Devez-vous être la victime de vos étoiles ?

Un article de Dane Rudhyar

Vous voulez déterminer si l’astrologie a vraiment de la valeur en tant que guide pour une vie plus riche ? Alors il importe d’aborder, d’analyser et de traiter certaines questions fondamentales.

Avons-nous vraiment une volonté « libre », un choix « libre » ? Qu’est-ce qui procure les données qui nourrissent nos jugements de valeur ? Jugements sur lesquels se fondent les décisions cruciales – les choix libres. Au-delà se pose un problème encore plus profond : lorsqu’une personne dit : « Moi, M. Untel, je prends cette décision », qu’est-ce qui, en elle, conduit à ce choix ?

Les philosophes ont dû faire face à cette question depuis Freud et la psychologie des profondeurs. Qui, ou qu’est-ce que le « je » ? Au moment de la décision, qu’est-ce qui fait le choix ? S’agit-il de la totalité du « moi » ou seulement d’une partie ? Car nous avons maintenant compris que l’homme opère à des niveaux conscients et inconscients ? Si on peut prendre des décisions « libres » – ou aujourd’hui nous pouvons dire « authentiques » -, qui les prend ? Ou quoi ?

Une astrologie fondée sur l’idée que les planètes, le Soleil et la Lune nous poussent ou nous « obligent » à agir d’une certaine manière, en fonction de notre thème de naissance, semble nier le libre arbitre. Mais l’homme a-t-il le pouvoir de surmonter les pressions et les influences des étoiles ?

Le grand occultiste du XVIe siècle, Paracelse, a dit : 

« Tout ce que les étoiles peuvent faire, nous pouvons le faire nous-mêmes, car la sagesse que nous tenons de Dieu domine les cieux et règne sur les étoiles… L’âme de l’homme est composée des mêmes éléments que les étoiles. Mais de même que la sagesse du Suprême guide les mouvements des étoiles, de même la raison de l’homme dirige les influences qui tournent et circulent dans son âme. »

La vision traditionnelle repose sur une conception strictement dualiste de l’homme et de l’univers. Mais elle n’est plus acceptable pour beaucoup de gens aujourd’hui. Les expériences scientifiques sur les drogues, qui altèrent la personnalité, et l’hypnotisme, ainsi que les découvertes de la psychologie des profondeurs, nous ont montré une image très différente de l’être humain.

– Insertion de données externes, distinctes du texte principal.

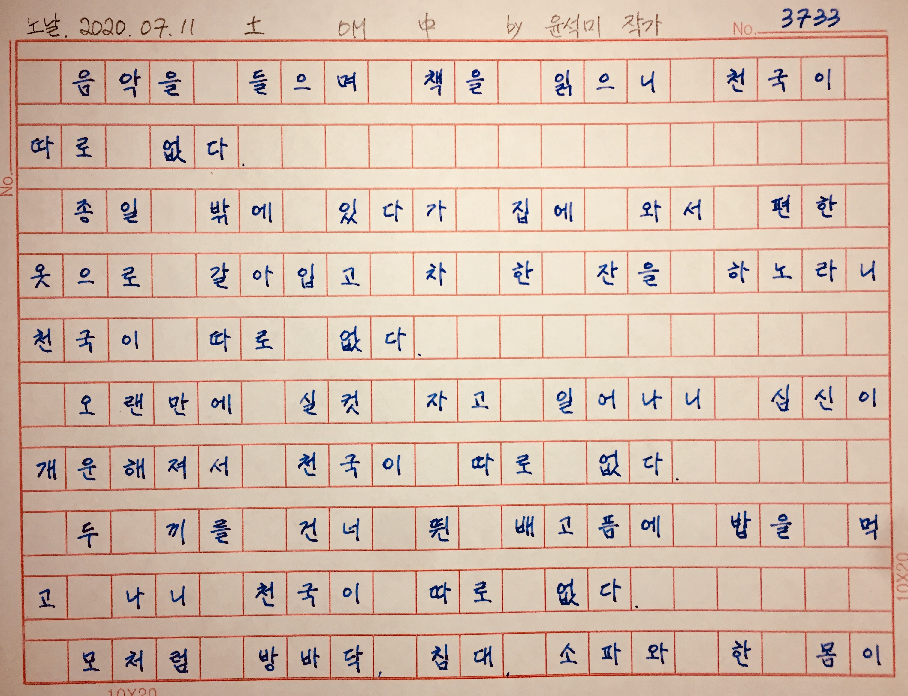 "천국이 따로 없는 좋은 순간들이 이렇게나 많았구나."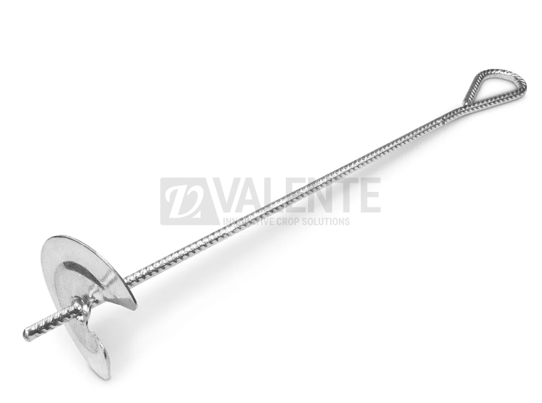 Anchor is then placed in the ground (hole should be preventively prepared) and covered. The twisted eyelet is left above the ground and used to anchor wires or cables of orchards head piles.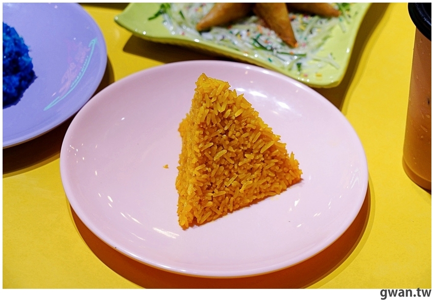 黃薑香飯帶有一點蒜香味道,似乎有用麻油,米飯會比較油潤的感覺,兩種飯都是用泰國香米製作,吃起來是粒粒分明的口感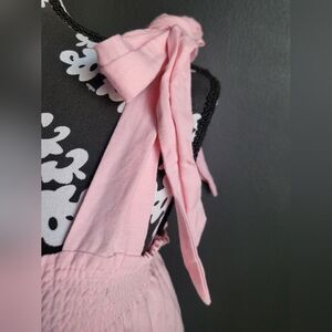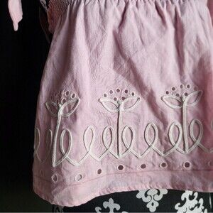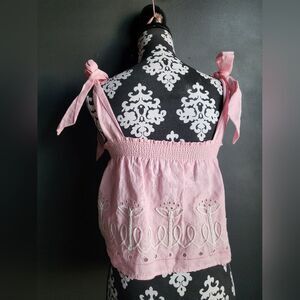 Something Navy Embroidered Tie Strap Top in Pink White Sz S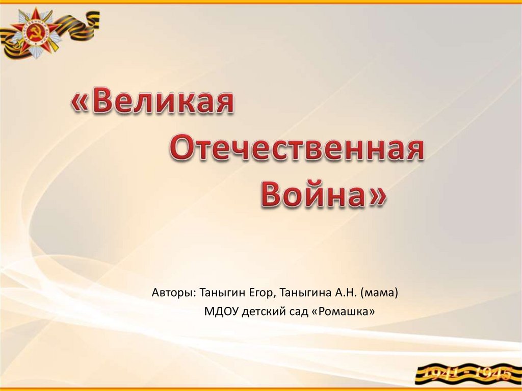 Авторы: Таныгин Егор, Таныгина А.Н. (мама)МДОУ детский сад «Ромашка»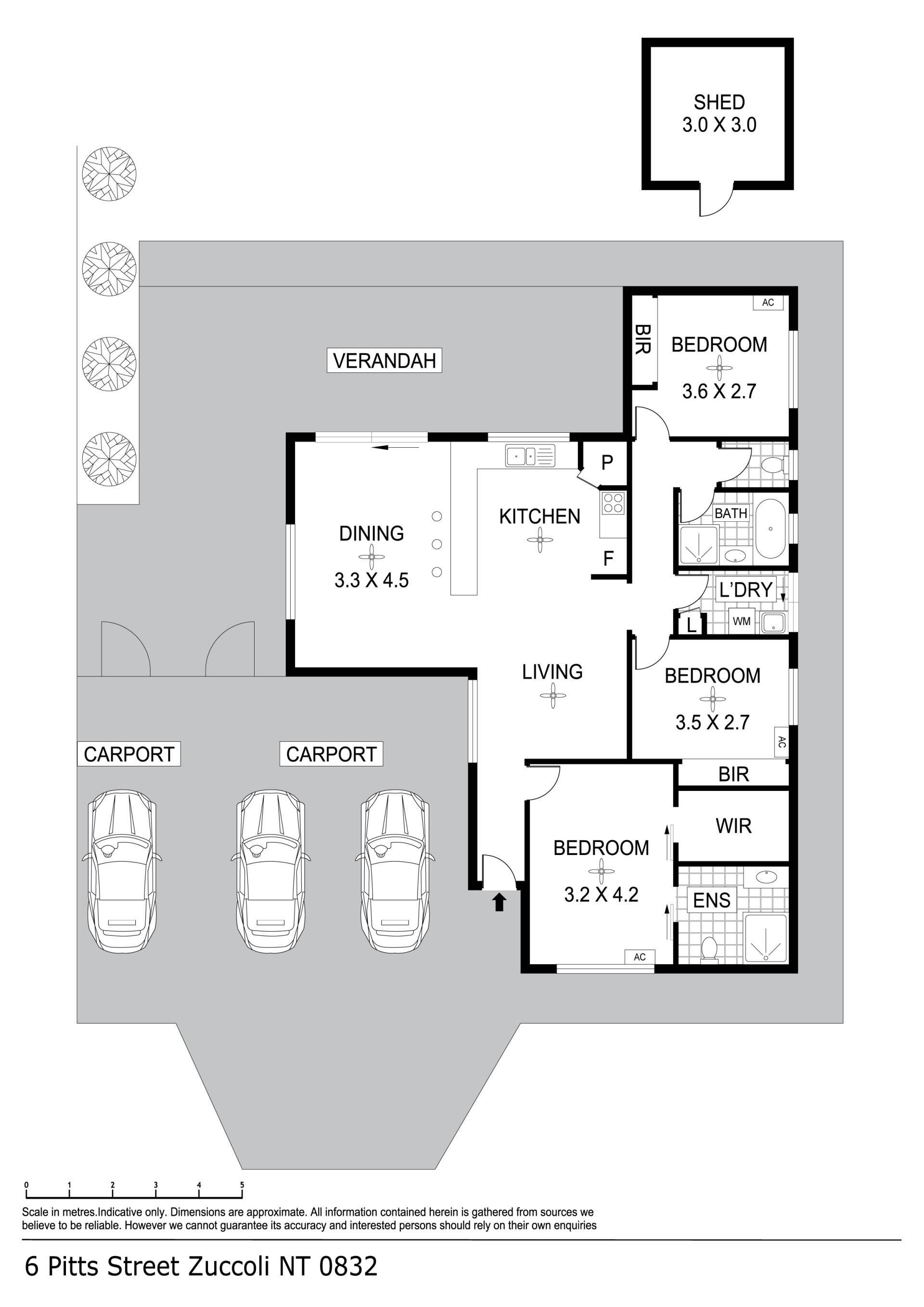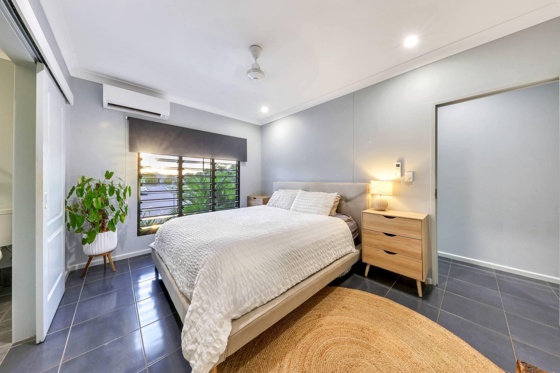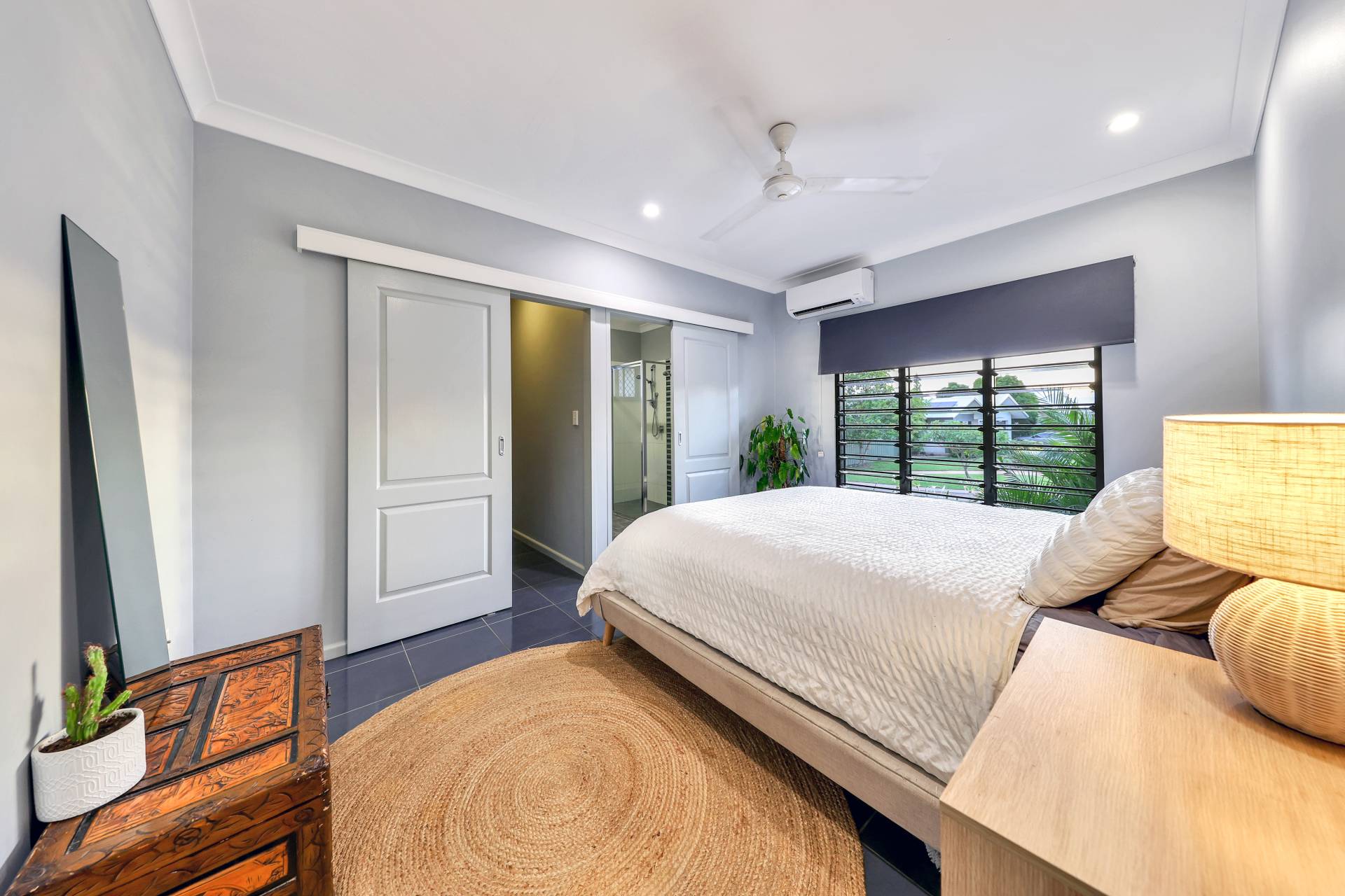 The master bedroom is front facing with streetscape views framed in the louvered window bays. This room includes an ensuite bathroom and a walk in robe as well. Bedrooms 2 and 3 are sheltered and cool with pull down blinds, A/C and robes.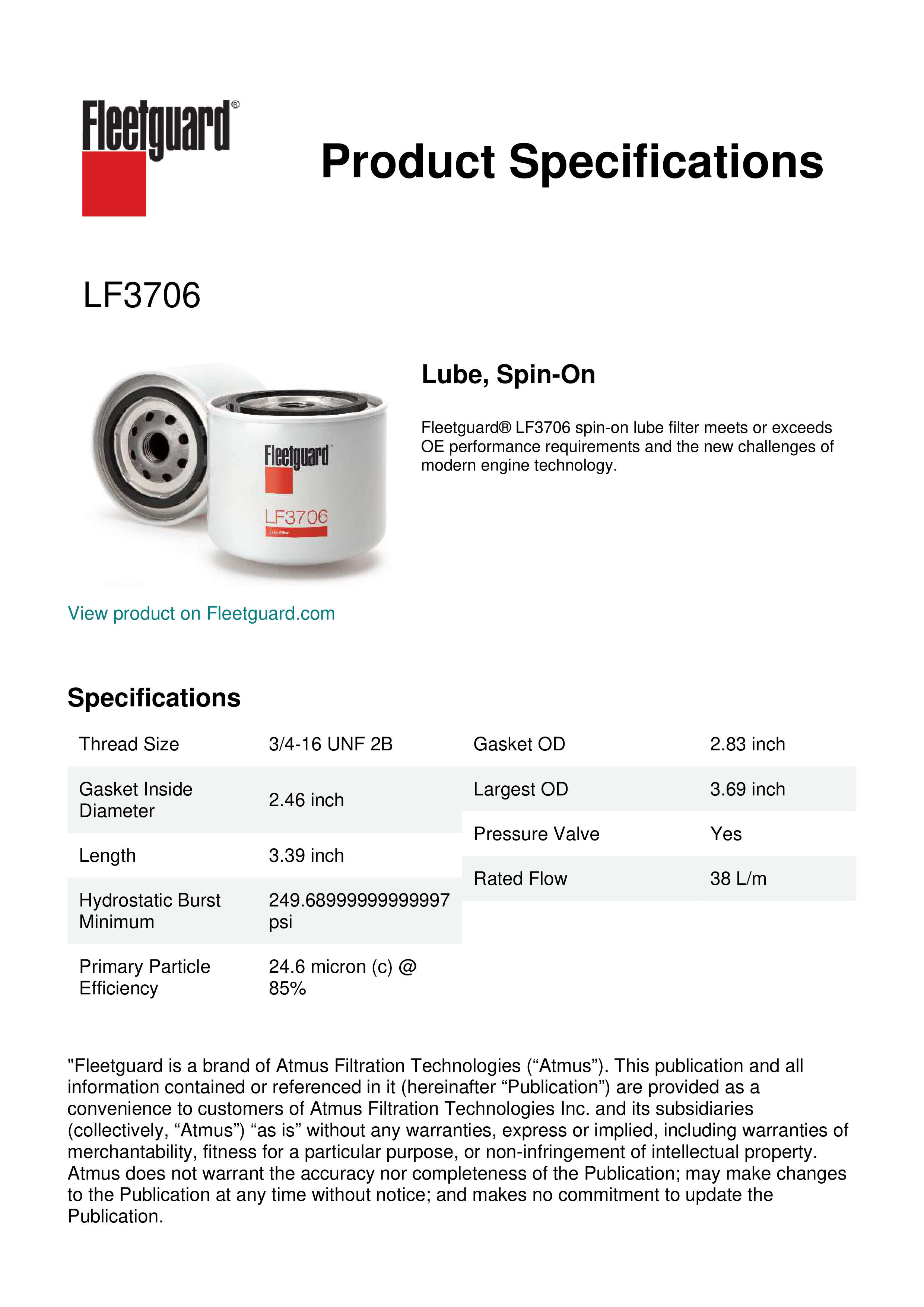 Fleetguard® LF3706 spin-on lube filter meets or exceeds OE performance requirements and the new challenges of modern engine technology.Specification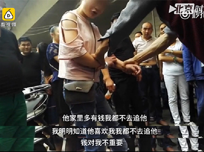 女子在踢打父母時,口中唸唸有詞的説,之前有一位有錢男子喜歡她,但她都不為所動,因為對她來説錢不重要。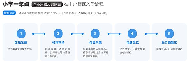 在非户籍地入学,先在北京市义务教育入学服务平台注册,按照入学城区要求合法稳定就业、实际居住等材料确认入学资格,审核通过后才能参加信息采集。

En accord avec la pensée moderne, un nouveau type d’attitude astrologique se développe. Une conception selon laquelle son thème de naissance représente un être humain individuel. Son thème révèle le modèle de semence de l’individualité de la personne. Et la structure de base du déroulement de sa vie. Comme le gland contient le germe et le calendrier de croissance du puissant chêne. Le chêne pourrait-il ignorer ou modifier ce qui était latent dans le gland dont il est issu ?

Déterminisme et libre arbitre

Dans quelle mesure pouvons-nous vouloir devenir ce que nous ne sommes pas ? Et si nous le pouvons, cela a-t-il un sens ? Le problème du « libre arbitre contre le déterminisme » a hanté les penseurs et les religieux occidentaux. Il a profondément affecté nos institutions politiques. Mais, à mon avis, on aborde ce problème de manière fallacieuse.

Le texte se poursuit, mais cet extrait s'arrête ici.